Begin at the line with "这是一套104平的现代简约风" and output every line through the end of the records, exactly as given. Omit pictures.

Segment Open

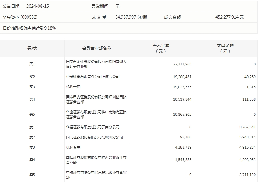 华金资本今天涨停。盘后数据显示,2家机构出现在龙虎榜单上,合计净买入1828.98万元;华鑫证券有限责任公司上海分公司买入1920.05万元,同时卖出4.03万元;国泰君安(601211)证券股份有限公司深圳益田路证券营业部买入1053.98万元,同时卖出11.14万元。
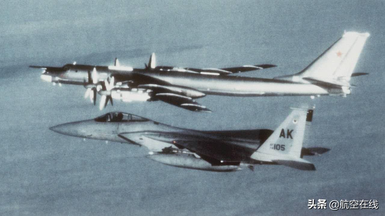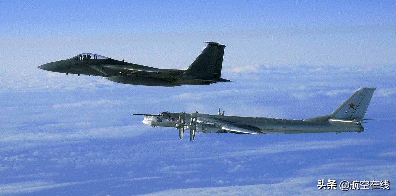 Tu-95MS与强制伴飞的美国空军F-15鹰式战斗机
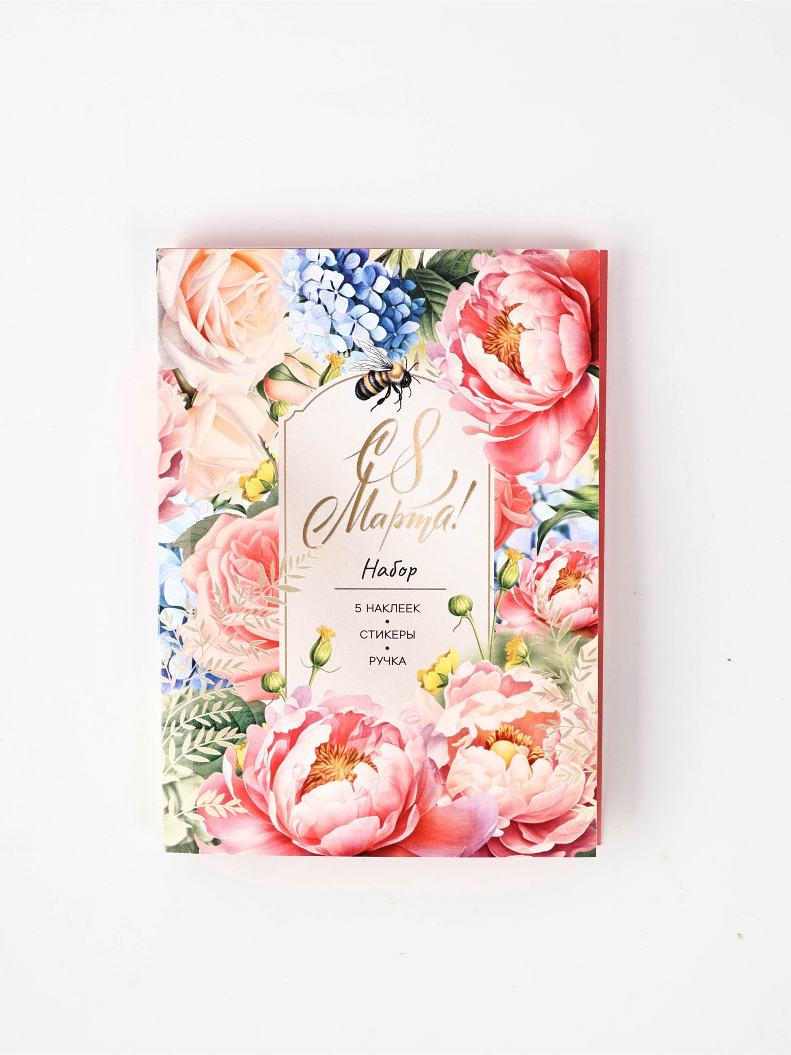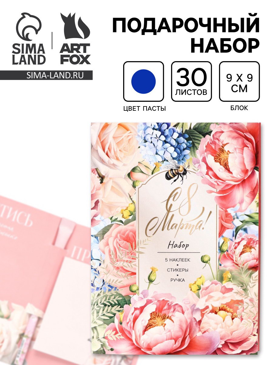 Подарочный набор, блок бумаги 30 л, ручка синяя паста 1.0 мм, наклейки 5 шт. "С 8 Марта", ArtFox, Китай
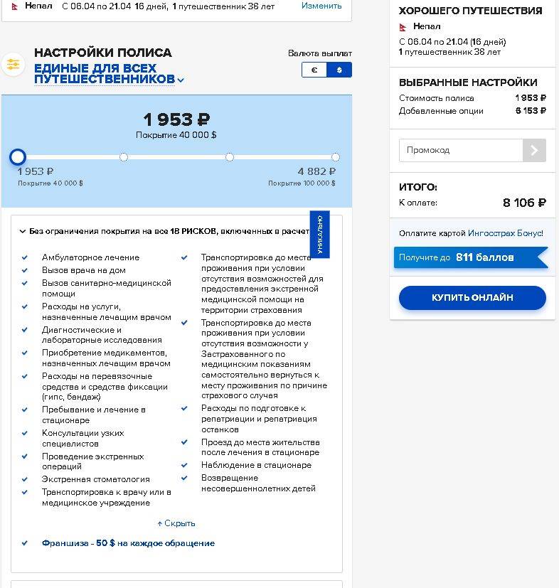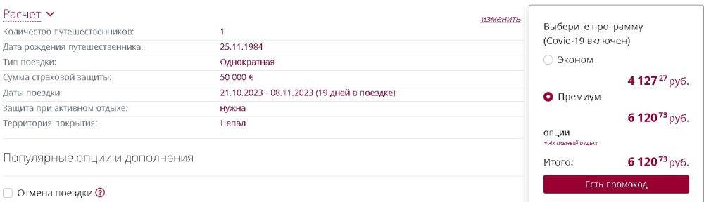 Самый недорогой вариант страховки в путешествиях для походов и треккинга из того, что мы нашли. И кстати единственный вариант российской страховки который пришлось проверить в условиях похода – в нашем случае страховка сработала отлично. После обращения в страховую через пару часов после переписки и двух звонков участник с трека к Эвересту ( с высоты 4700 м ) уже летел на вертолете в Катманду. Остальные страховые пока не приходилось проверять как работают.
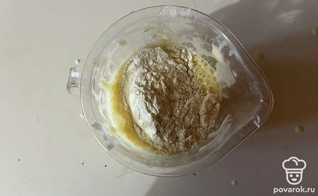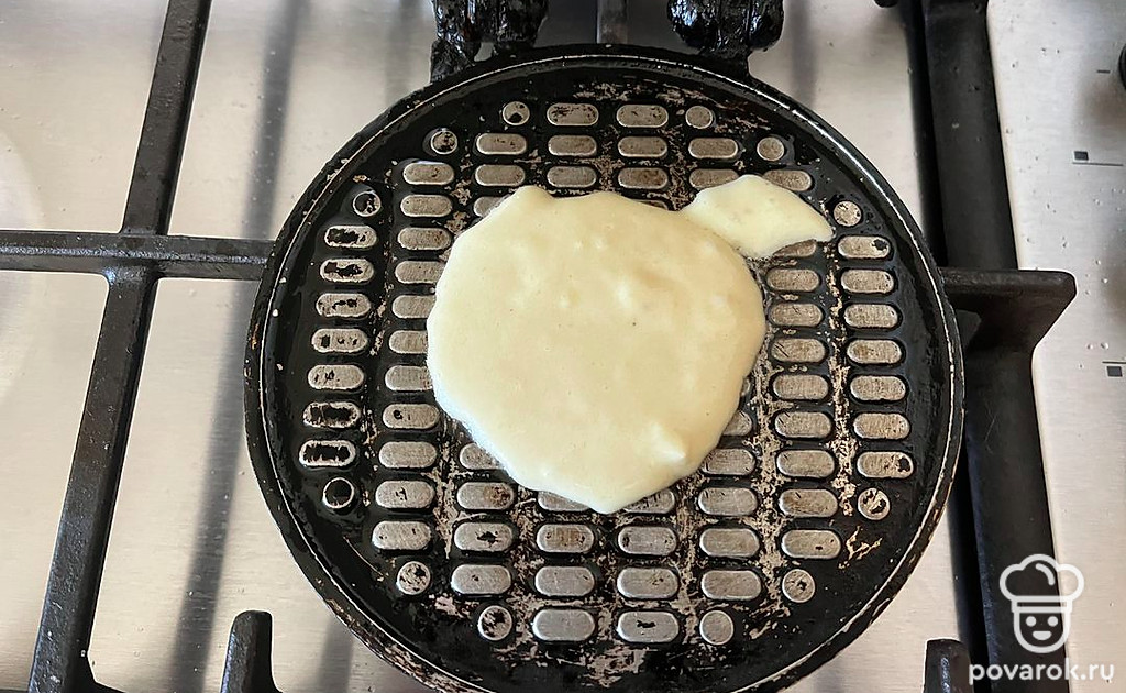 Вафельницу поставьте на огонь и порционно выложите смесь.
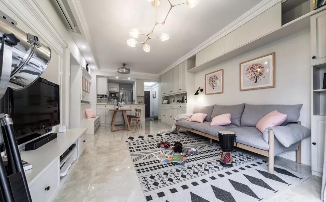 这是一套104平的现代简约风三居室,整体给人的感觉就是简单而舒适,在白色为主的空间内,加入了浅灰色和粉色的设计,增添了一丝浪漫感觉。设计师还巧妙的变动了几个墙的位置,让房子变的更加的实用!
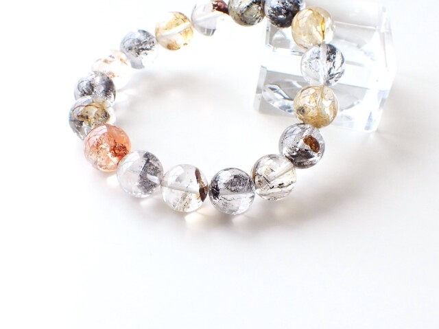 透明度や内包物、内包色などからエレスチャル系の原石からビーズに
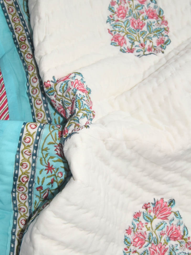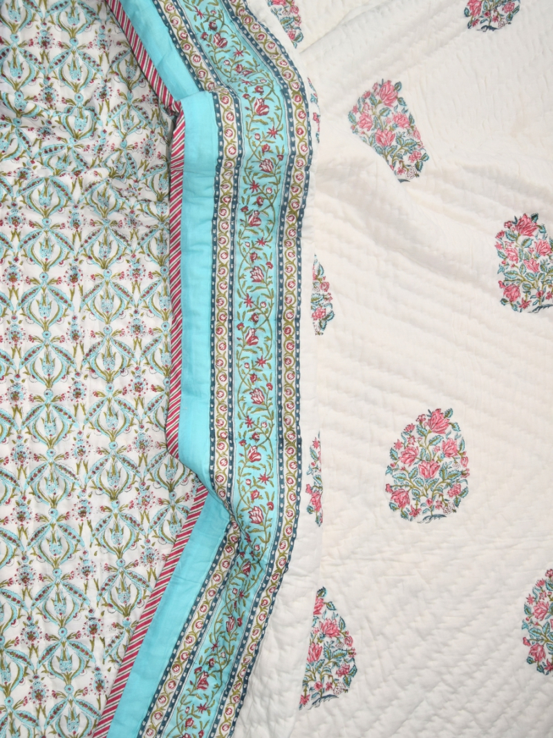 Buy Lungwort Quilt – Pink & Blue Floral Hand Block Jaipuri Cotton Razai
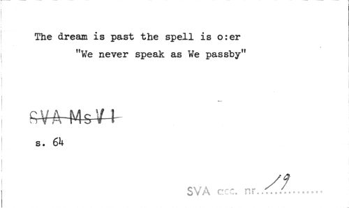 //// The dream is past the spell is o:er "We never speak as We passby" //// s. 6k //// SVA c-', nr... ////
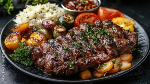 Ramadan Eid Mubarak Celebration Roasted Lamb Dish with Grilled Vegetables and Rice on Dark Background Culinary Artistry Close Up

Segment Closed

» **Answer to the exercise**
 这是一套104平的现代简约风三居室,整体给人的感觉就是简单而舒适,在白色为主的空间内,加入了浅灰色和粉色的设计,增添了一丝浪漫感觉。设计师还巧妙的变动了几个墙的位置,让房子变的更加的实用!
 透明度や内包物、内包色などからエレスチャル系の原石からビーズに
 Buy Lungwort Quilt – Pink & Blue Floral Hand Block Jaipuri Cotton Razai
 //// The dream is past the spell is o:er "We never speak as We passby" //// s. 6k //// SVA c-', nr... ////
 Ramadan Eid Mubarak Celebration Roasted Lamb Dish with Grilled Vegetables and Rice on Dark Background Culinary Artistry Close Up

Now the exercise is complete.